| How to complete this task |
Please copy out the entries below exactly, beginning with the line that contains "山东转籍率为33.42%,环比增长2%,转籍量5.12万辆;" and ending with the line that contains "- RGB LED svetlá: Stolík", and include nothing outside that span.

(The data begins)

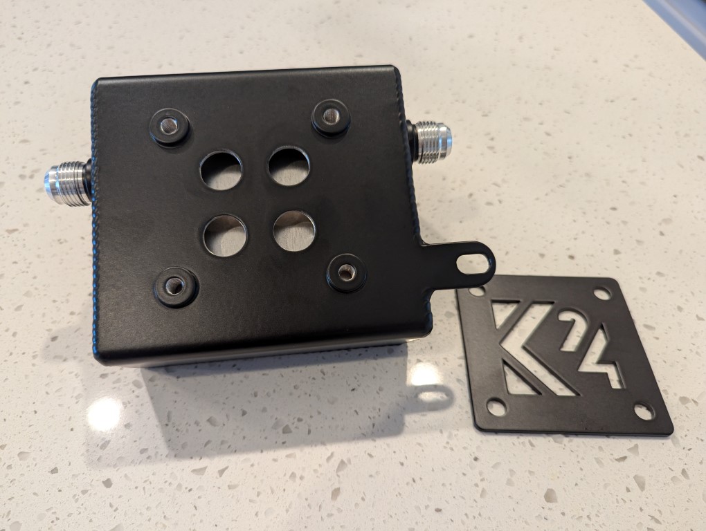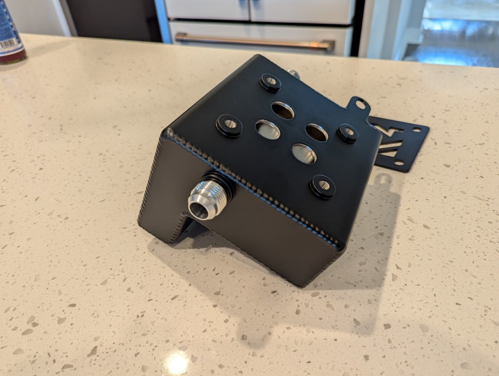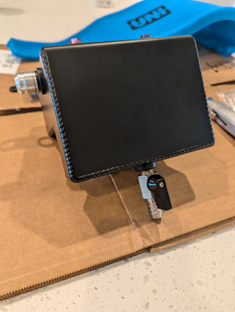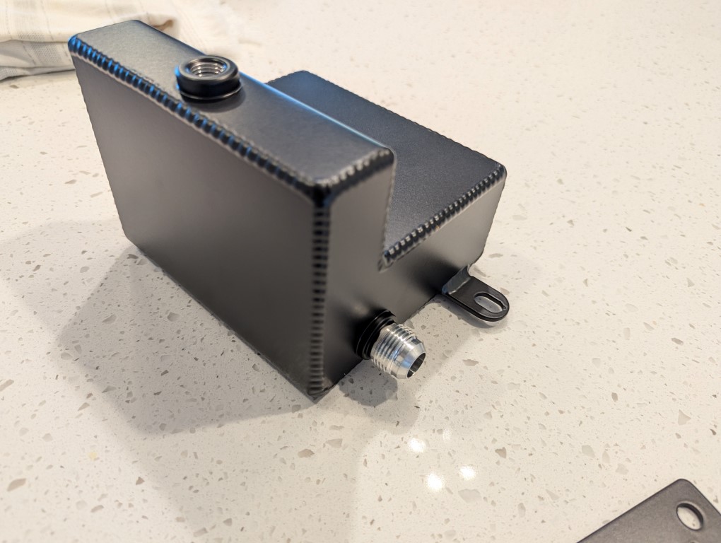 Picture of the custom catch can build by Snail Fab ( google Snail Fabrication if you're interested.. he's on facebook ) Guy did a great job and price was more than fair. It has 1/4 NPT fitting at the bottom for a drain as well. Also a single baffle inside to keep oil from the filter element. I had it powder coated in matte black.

(The data ends)
(The data begins)

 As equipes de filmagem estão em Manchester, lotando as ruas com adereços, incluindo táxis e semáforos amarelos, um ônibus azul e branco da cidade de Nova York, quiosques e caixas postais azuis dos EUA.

(The data ends)
(The data begins)

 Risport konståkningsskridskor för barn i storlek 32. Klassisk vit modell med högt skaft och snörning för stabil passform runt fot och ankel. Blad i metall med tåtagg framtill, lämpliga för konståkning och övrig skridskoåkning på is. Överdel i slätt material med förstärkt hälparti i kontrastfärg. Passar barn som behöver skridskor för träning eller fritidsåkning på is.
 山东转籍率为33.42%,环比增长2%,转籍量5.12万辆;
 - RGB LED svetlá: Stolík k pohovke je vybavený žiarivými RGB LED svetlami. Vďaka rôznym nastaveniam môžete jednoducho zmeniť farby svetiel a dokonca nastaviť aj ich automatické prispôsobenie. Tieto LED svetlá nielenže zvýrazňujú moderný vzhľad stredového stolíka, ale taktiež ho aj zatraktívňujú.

(The data ends)

| Written solution |
 山东转籍率为33.42%,环比增长2%,转籍量5.12万辆;
 - RGB LED svetlá: Stolík k pohovke je vybavený žiarivými RGB LED svetlami. Vďaka rôznym nastaveniam môžete jednoducho zmeniť farby svetiel a dokonca nastaviť aj ich automatické prispôsobenie. Tieto LED svetlá nielenže zvýrazňujú moderný vzhľad stredového stolíka, ale taktiež ho aj zatraktívňujú.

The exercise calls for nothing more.